The pattern is generally used to represent anything that occurs repeatedly. It is used in all walks of life. From a statistical point of view, it is a repeated occurrence of sequential data. There are sequence and structure patterns that can be used to characterize proteins. Motifs are short patterns. A motif may represent biological information like the tertiary structure of the protein. On the other hand, a pattern is statistical rather than biological. A pattern can be defined as a motif if it is conserved strongly within a given set of sequences. All motifs are patterns, but not vice-versa.
The genomic code that determines when and where transcription occurs is written in DNA sequence upstream and downstream of the transcription start site. Nuclear proteins that bind to these sequence elements in a sequence-specific manner determine the transcriptional activity of the locus. In general, our knowledge of transcription control of any particular gene has been determined empirically. At one time, experimenters cloned individual cDNAs, and used them as probes to measure levels of mRNA one at a time. The availability of cDNA microarrays has permitted complete transcriptome profiling of individual tissue or cell types responding to a stimulus. However, if we could read the transcriptional code, such experiments would become partly redundant. We would be able to predict from genomic DNA sequence that a particular gene will be transcribed in a certain location and in association with genes that might contribute to the same pathway.

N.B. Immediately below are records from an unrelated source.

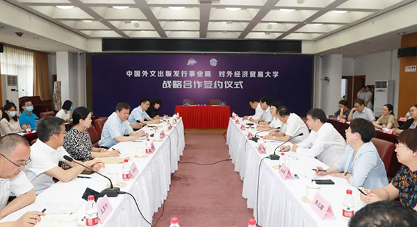 7月10日,中國(guó)外文局與對(duì)外經(jīng)濟(jì)貿(mào)易大學(xué)戰(zhàn)略合作協(xié)議簽約儀式在對(duì)外經(jīng)貿(mào)大學(xué)舉行。中國(guó)外文局局長(zhǎng)杜占元,副局長(zhǎng)劉大為,對(duì)外經(jīng)貿(mào)大學(xué)黨委書(shū)記黃寶印,對(duì)外經(jīng)貿(mào)大學(xué)校長(zhǎng)、黨委副書(shū)記趙忠秀,對(duì)外經(jīng)貿(mào)大學(xué)黨委副書(shū)記文君,對(duì)外經(jīng)貿(mào)大學(xué)副校長(zhǎng)王敬波出席簽約儀式。
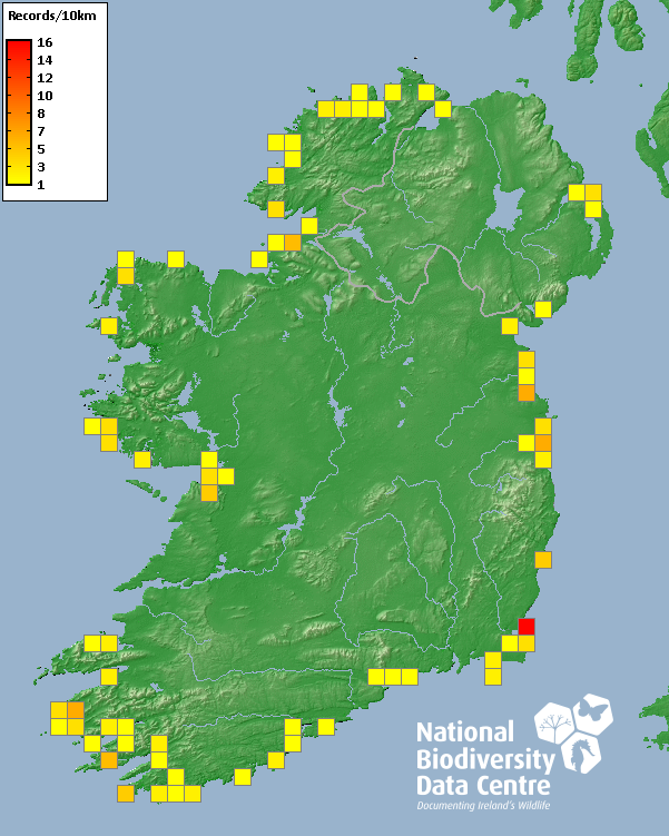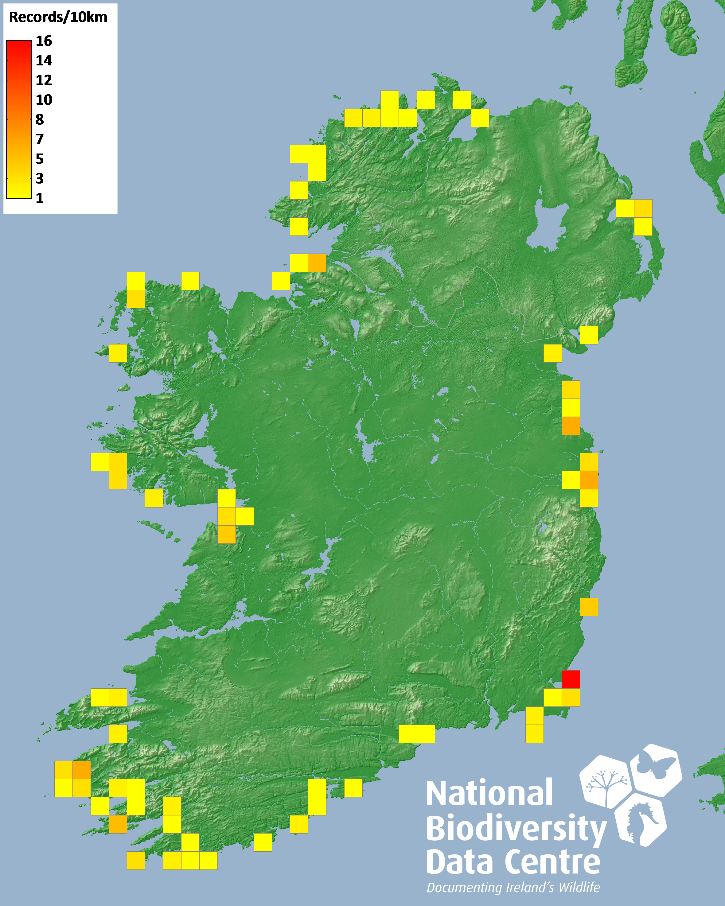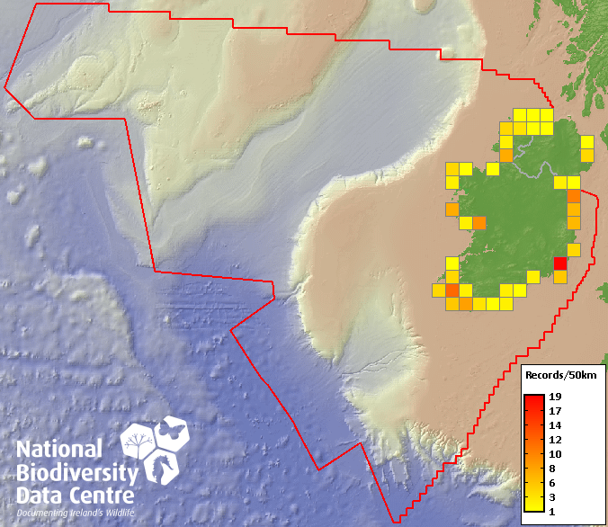 Distribution of the number of records recorded within each 10km grid square (ITM).Marine Map - 50km
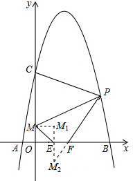 分析 根据抛物线的解析式易求点C的坐标,再根据四边形PMEF的四条边中,PM、EF长度固定,因此只要ME+PF最小,则PMEF的周长将取得最小值.如答图3所示,将点M向右平移1个单位长度(EF的长度),得M1(1,1);作点M1关于x轴的对称点M2,则M2(1,-1);连接PM2,与x轴交于F点,此时ME+PF=PM2最小.
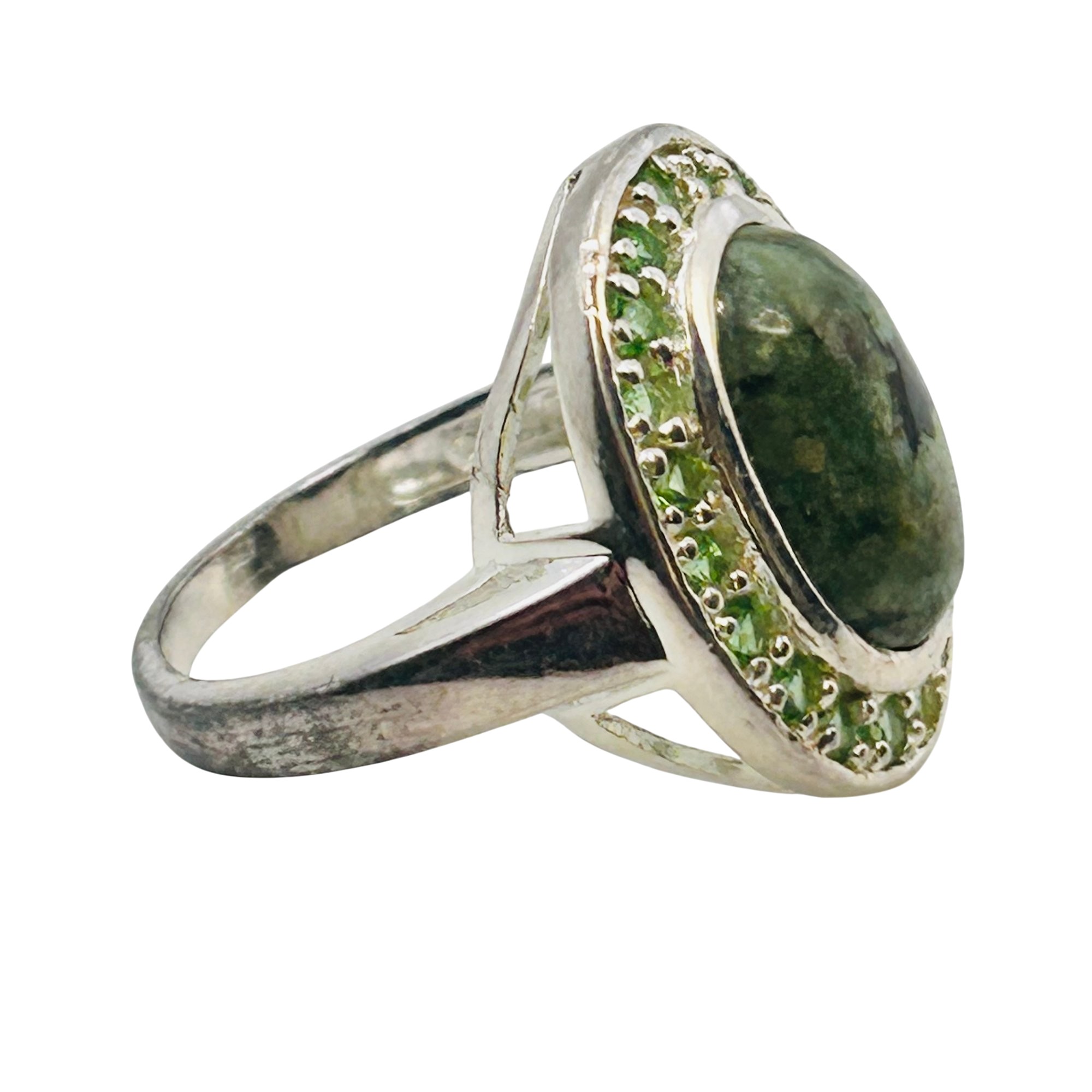STS green agate peridot Sterling oval ring. Size 8. 6.87g
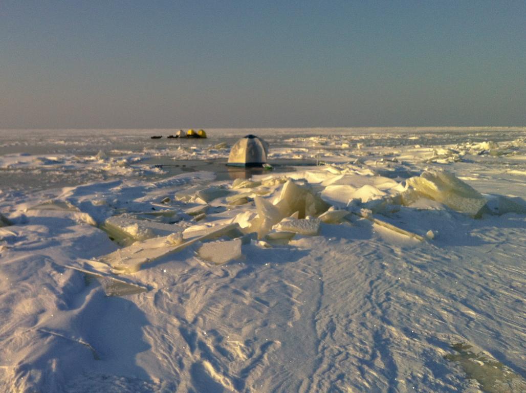 Покрутились на снежике по нескончаемым ломнякам и торосам и вернулись к парням. А у них там прям лагерь разбит из палаток. Сидят себе в тепле окуней жирнючих дубасят пачками, чАйОк попиваЮт, довольные... Кста Димас, где зачетная фотга Фила с мега окунем под килоху? Нуи мы присели, правда ненадолго, подергали окушков плотог хороших. Филовский паравоз уже отчалил, ну и мы подалися. На подходе к базе их нагнали вощем на финише были вместе.
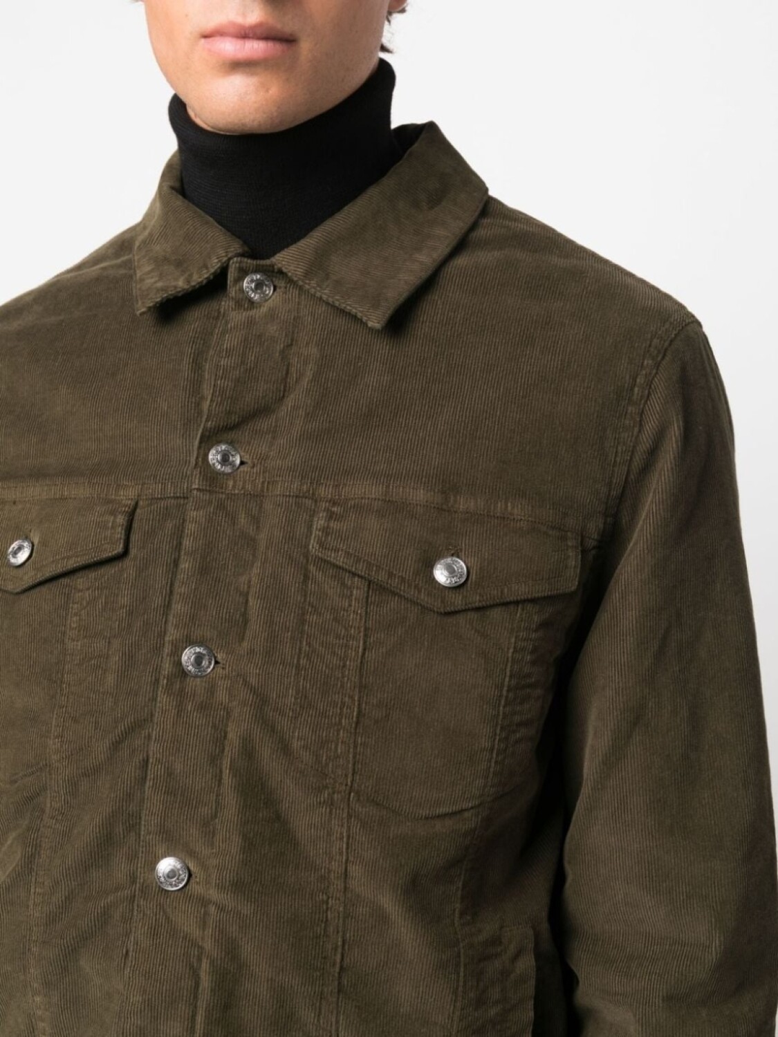 Темно-зеленый, эластичный хлопок, нашивка с логотипом сзади, классический воротник, застежка на пуговицах спереди, длинные рукава, манжеты на пуговицах, два нагрудных кармана с клапанами и прямой подол.

The process of transcription is initiated by the binding of RNA polymerase and associated proteins of the preinitiation complex to the transcription start point (TSP). Binding and initiation are controlled by transcription factors bound to elements within the vicinity of the TSP. Although transcriptional output is commonly measured experimentally as if transcription were an analog process, it is actually digital. In a higher eukaryote, each diploid cell has two copies of each strand of DNA, packaged in a nucleoprotein complex called chromatin and visible as a chromosome. At the level of a single gene on one chromosome, there are two forms of regulation that are, essentially, all or nothing. Firstly, the locus can be lineage, it switches off transcription of genes that will not be required for differentiated functions, and assembled into heterochromatin, which is transcriptionally silent. Aside from silent genes, within a given cell there are many other genes that are not actively transcribed at any particular time, and may be acutely and reversibly induced. They are in an active chromatin state, but signals from the environment determine whether mRNA is produced. There is a great deal of evidence that this is also a digital phenomenon at the level of individual DNA templates in single cells. Since transcription is a digital process, the transcriptional codes, and the binding of specific DNA binding proteins, work by determining the probability that a gene is available for transcription, and whether, subsequently, it is actually transcribed at any particular time. The actual level of mRNA in cells is also regulated at other levels; the rate of transcriptional elongation, splicing and processing, nuclear export and translation into proteins.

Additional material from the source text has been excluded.